Until the mid-1970s, deaf people in Japan had few legal rights and little social recognition. Legally, they were classified as minors or mentally deficient, unable to obtain driver's licenses or sign contracts and wills. Many worked at menial tasks or were constantly unemployed, and schools for the deaf taught a difficult regimen of speechreading and oral speech methods rather than signing. After several decades of activism, deaf men and women are now largely accepted within mainstream Japanese society.
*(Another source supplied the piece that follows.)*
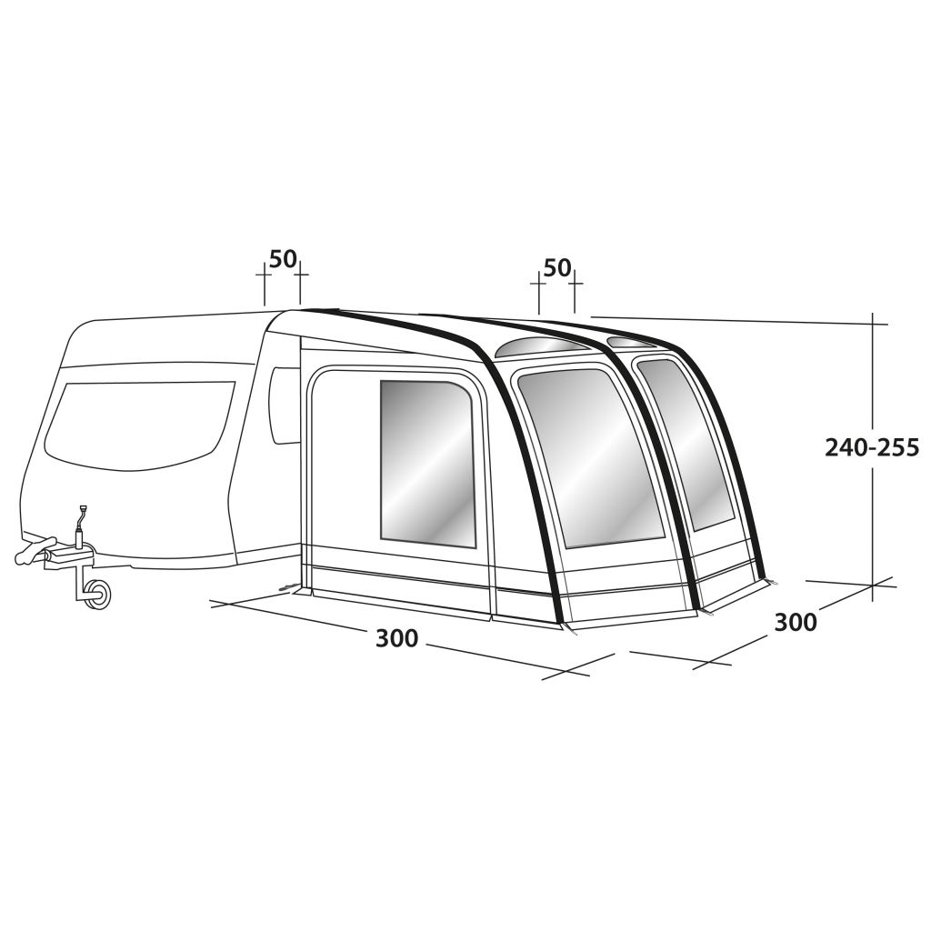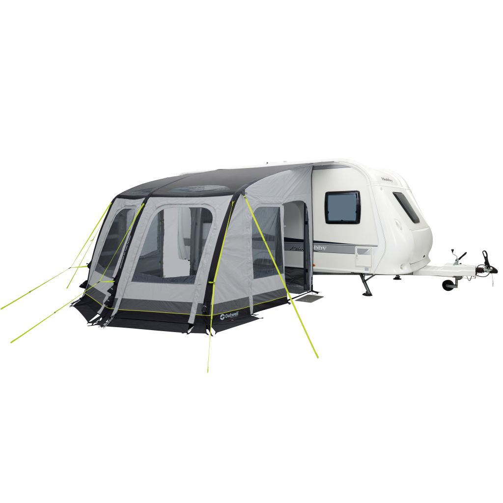 Das Outwell Mirage Vorzelt verfügt über ein extrem robustes Outtex 6000HD Material, welches enorm strapazierfähig ist. Durch die Verbindung zwischen Material und Zeltschnitt, ist der Anschluss an den Wohnwagen sehr gut und das Vorzelt hat einen sehr guten Stand. Trotz des robusten Obermaterials ist das Zelt durch seine verbunden Luftkanäle in wenigen Minuten komplett aufgebaut. Sie können das Zelt ganz einfach mit der mitgelieferten Kolbenpumpe aufpumpen und das Vorzelt in kürzester Zeit beziehen. Die drei Türen in der Front können flexibel je nach Bedarf geöffnet werden und bieten auf jedem Platz eine tolle Aussicht. Weitere Fenster im Dachbereich und den Seitentüren lassen einen angenehmen Lichteinfall zu. Die Seitentüren sind mit Moskitonetzen versehen, sodass auch im Inneren des Zeltes für eine gute Belüftung gesorgt werden kann!

Deaf in Japan, a groundbreaking study of deaf identity, minority politics, and sign language, traces the history of the deaf community in Japan, from the establishment of the first schools for the deaf in the 1870s to the birth of deaf activist movements in the postwar period and current "culture wars" over signing and assimilation. Drawing on archival and ethnographic research and in-depth interviews with deaf men and women from three generations, Karen Nakamura examines shifting attitudes toward and within the deaf community. Nakamura suggests that the notion of "deaf identity" is intimately linked with the Japanese view of modernization and Westernization. The left-affiliated Japanese Federation of the Deaf embraces an assimilationist position, promoting lip-reading and other forms of accommodation with mainstream society. In recent years, however, young disability advocates, exponents of an American-style radical separatism, have promoted the use of Japanese Sign Language. Nakamura, who signs in both ASL and JSL, finds that deafness has social characteristics typical of both ethnic minority and disability status, comparing the changing deaf community with other Japanese minority groups such as the former Burakumin, the Okinawans, and zainichi Koreans. Her account of the language wars that have erupted around Japanese signing gives evidence of broader changes in attitudes regarding disability, identity, and culture in Japan.
I'm a cultural and visual anthropologist who teaches at Yale University. My research focuses on issues of disability and minority social movements in Japan. My first book on sign language, identity, civil society, and deaf social movements in modern Japan was published by Cornell University Press in 2006. Recently, I have been engaged in a new project on schizophrenia and mental illness in rural Japan. While my main interest in minority issues is disabilities, I also work on issues surrounding gender and sexuality in contemporary Japan.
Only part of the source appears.